We are in our 60s and have two grownup kids who had the same opportunities growing up. Son has a good job, happy marriage, two kids and needed occasional help in the past which we gladly gave. Daughter, now divorced, won’t work, up to her neck in debt, threatened with house repo, two of her kids live with their dad, the oldest lives with us. Has needed emotional, practical and financial support all her life and resorts to emotional blackmail if we refuse. She’s irresponsible, feckless , self centred and blames everyone else for her problems. So should we continue to give support, thereby enabling this behaviour, or withdraw, risking the inevitable fallout that we know will ensue?
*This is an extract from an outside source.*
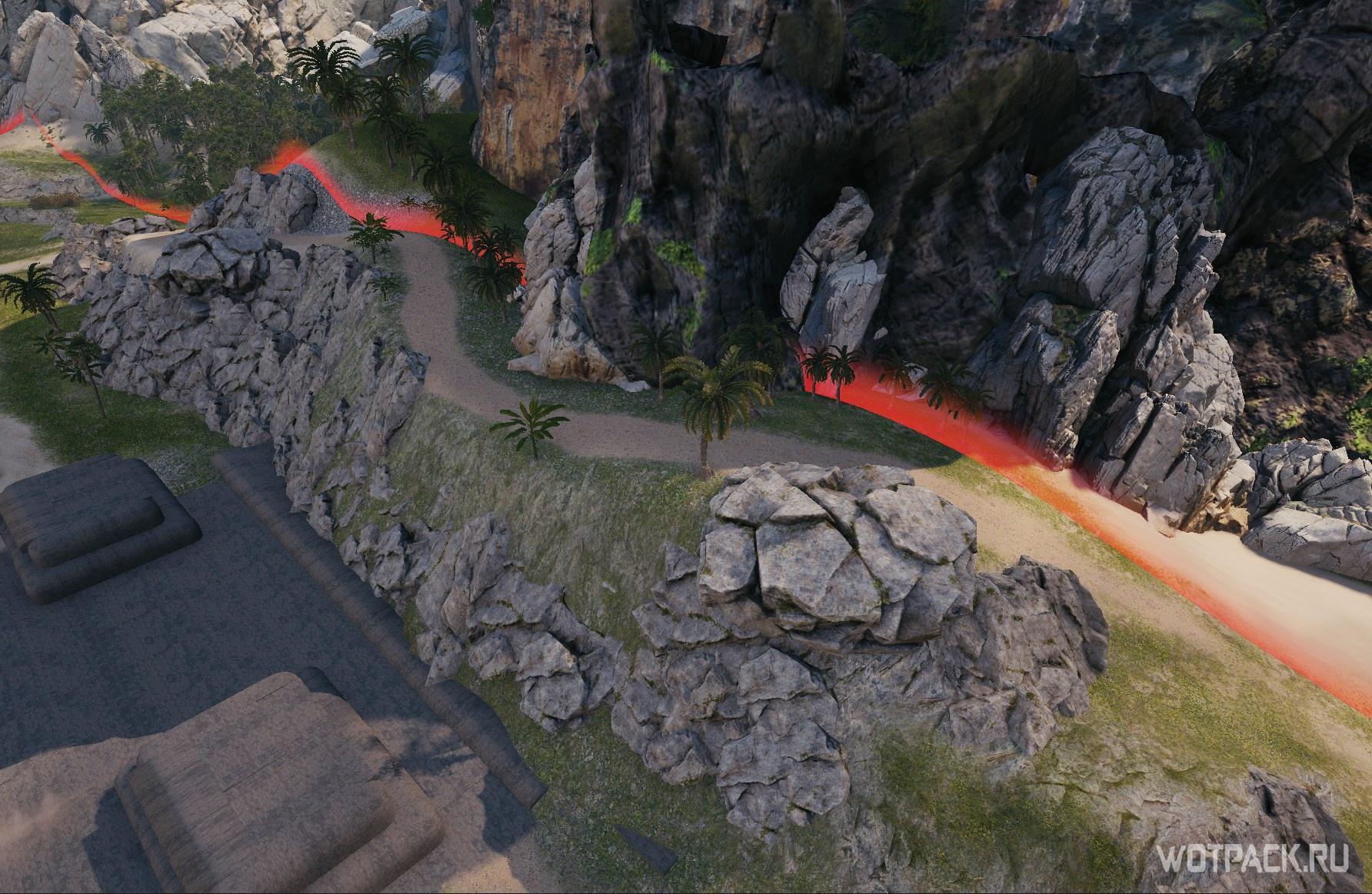 «Тропа смерти» для смельчаков, кто ищет легкого пути на вражескую базу. Нечто похожее мы имеем на карте Ласвиль, но без озера. Укрытия есть, но за ошибку придется дорого поплатиться, так как это направление простреливается с базы и центра карты.
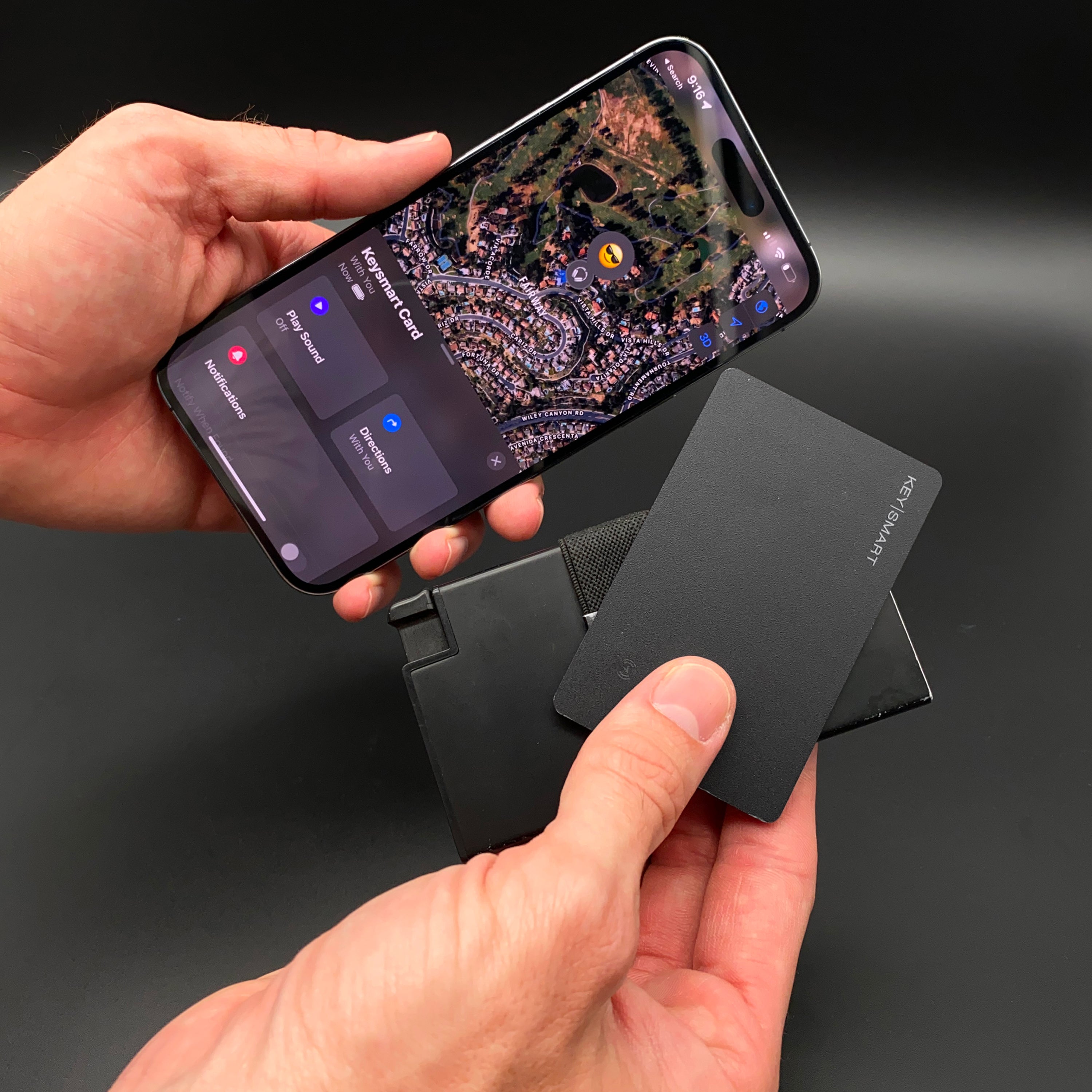 Fügen Sie Ihre KeySmart Card der Find My App auf Ihrem Apple oder Android Gerät hinzu. Spielen Sie einen Ton auf Ihrer KeySmart Card ab, um sie in der Nähe zu finden, oder orten Sie sie mit dem Apple oder Android Find My Netzwerk, mit Hilfe von Millionen von Apple oder Android Geräten auf der ganzen Welt.

Easy to make judgements when not directly affected but so much more difficult when faced with this reality on a daily basis.

Profile photo of John Ward
Member

There is a limit to what more you can give, Rose, financially, practically, and emotionally, without detrimentally affecting your own well-being. You might now have reached that point and could justifiably withdraw support. You could lose contact with your daughter due to her alienation and estrangement but that would not be due to any lack of compassion on your part so you should not reproach yourself. Try not to give in to emotional blackmail. I think the extent of your attachment to your grandchildren could be the complicating factor but if two are already ‘outside’ the family unit and you are already looking after the eldest that can be rationalised leaving only the situation between you and your daughter. She has no right to pull your life down into the vortex that she has made of her own. It sounds as though you have very little sympathy for your daughter so a clean break might be the best solution. There will be consequences, and possible psychiatric problems, but if you and her ex-husband are protecting her children you can have a clear conscience. Taking continuing responsibility for your eldest grandchild is a considerable and demanding contribution in itself which should assuage any bad feelings you might have over such a step.

Member
M K says:
16 April 2017

Our family has been Which members since 1957. This is my 93-year-old Mother’s comment when, in her final month in a lovely Care Home that she saved to afford, I said that, IF I were to receive the legacy in her will (the Which Will Writing service under her clear instructions), then I would pass it on equally to my 3 adult children: “I would expect nothing else of you!” Rest In Peace, Mum, you are sorely missed.

Member
Peter Lane says:
16 April 2017

There is nothing new about supporting your children when they have grown up. Read any of the classics of English literature, and you will find grown-up offspring being paid allowances, having their debts paid off, and getting hand-outs from generous parents. What is new is that more people are in the position of having enough cash to do so, like the usually rich gentry who were the subject of the classics. However, as ever there is great inequality, with many families unable to even consider passing money to children once they are grown up, and others having to decide how much support is reasonable to encourage their children to mae their own way in life. It is not a fair world.

Member
Tim says:
16 April 2017

What an interesting discussion. Family is all about caring for each other – in all phases in our life. Our needs shift as we go through the life stages, but as each generation is able to, it is good and right that it should look to the needs of the generations – above and below – and seek to balance those needs with those of its own. Sometimes that should involve money; sometimes care and concern is best expressed in other ways.

I will never forget the remarks of my mother in the late ’60s – she had been deprived of education beyond her mid teens by the advent of WWII – that she would willingly go out and scrub floors to fund my university education. It wasn’t necessary, but her commitment to my good and my future prospects stays with me. It can be easy to forget the sacrifices made by the generations before us for our good as we judge the needs of our children and grandchildren.